(TASK BRIEF): Write out every line below again exactly as it stands, skipping each image.

(PROVIDED DATA):
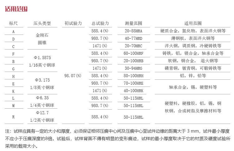 | 測量范圍 | HRA:20-88、HRB:20-100、HRC:20-70 |
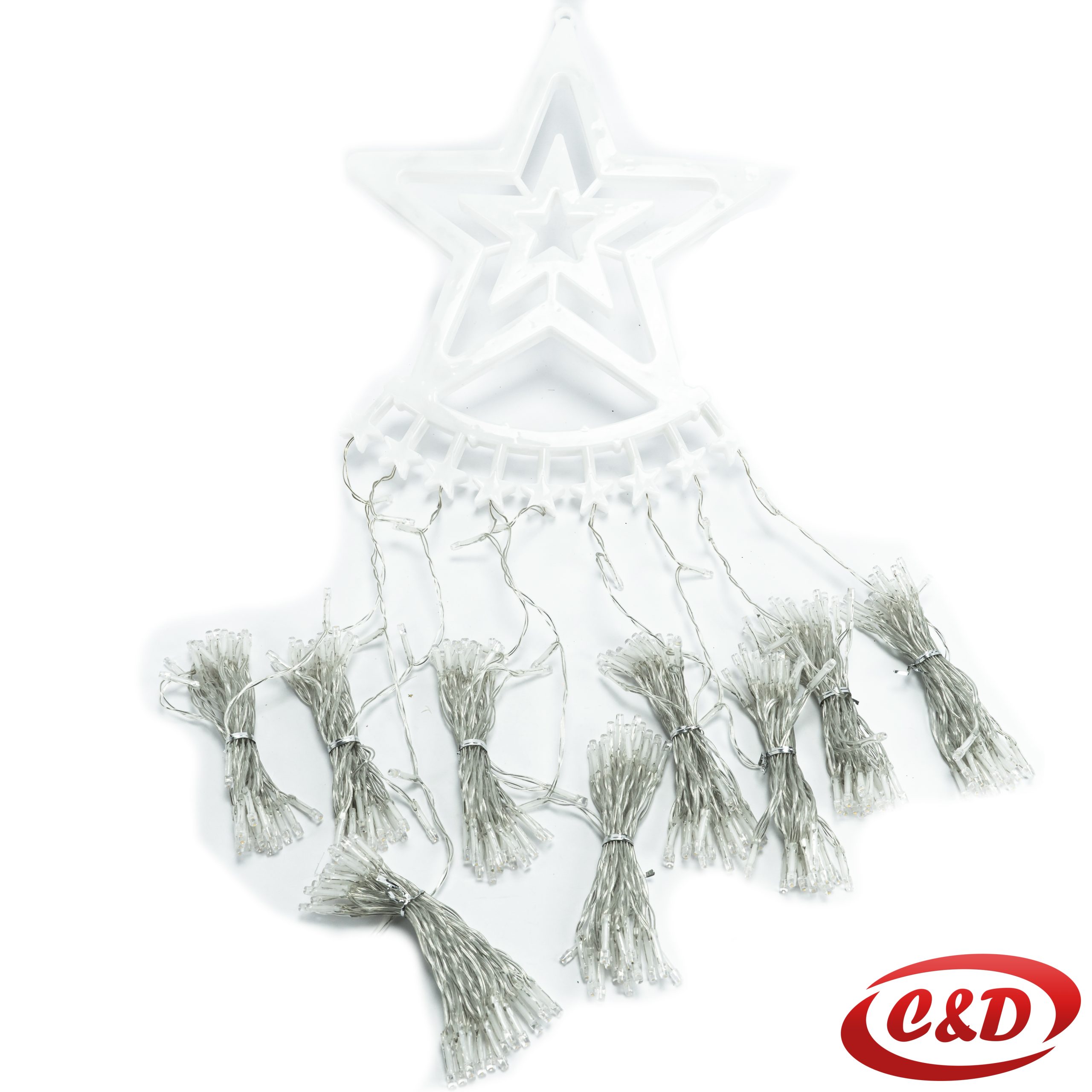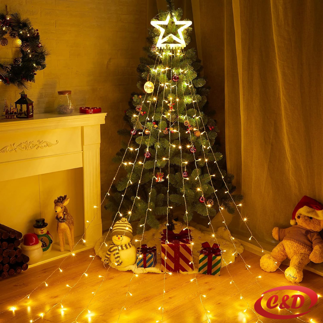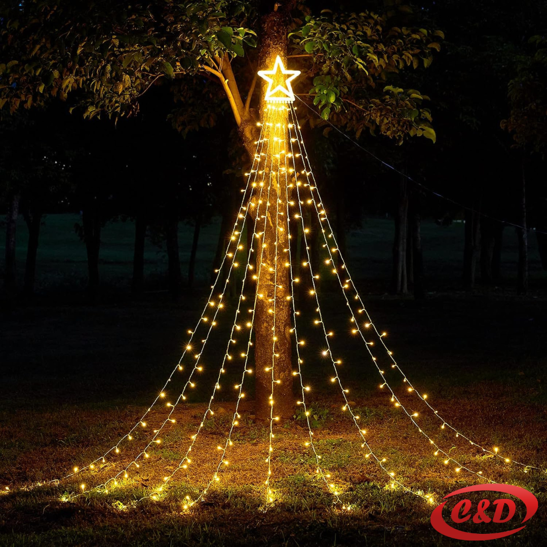 Fantastično uređenje: 305 LED lampica s 9 linija vodenog toka i zvjezdastim vrhom, koje vas uvode u vilinski svijet sa zvjezdastim toplim bijelim svjetlima, stvarajući ugodan i festivalski ugođaj za vaš dom, uključeno je i 9 šiljaka, savršeno za rad na otvorenom.
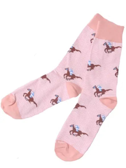 Add a spring twist to your wardrobe with our classic Striped Socks. These socks feature a fun design of racehorse and horseshoe icons in a peach and white stripe pattern.
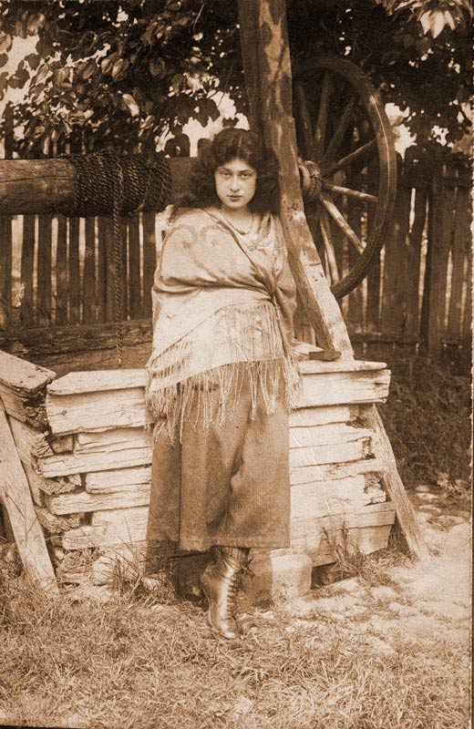 Испод черге, дубље унутра, спавала је једна стара циганка, а при самоме уласку седела је друга, млада око двајестину година и дојила дете. Чим је угледала нас, одмах нас понуди да нам баца карте.

(TASK RESULT):
 | 測量范圍 | HRA:20-88、HRB:20-100、HRC:20-70 |
 Fantastično uređenje: 305 LED lampica s 9 linija vodenog toka i zvjezdastim vrhom, koje vas uvode u vilinski svijet sa zvjezdastim toplim bijelim svjetlima, stvarajući ugodan i festivalski ugođaj za vaš dom, uključeno je i 9 šiljaka, savršeno za rad na otvorenom.
 Add a spring twist to your wardrobe with our classic Striped Socks. These socks feature a fun design of racehorse and horseshoe icons in a peach and white stripe pattern.
 Испод черге, дубље унутра, спавала је једна стара циганка, а при самоме уласку седела је друга, млада око двајестину година и дојила дете. Чим је угледала нас, одмах нас понуди да нам баца карте.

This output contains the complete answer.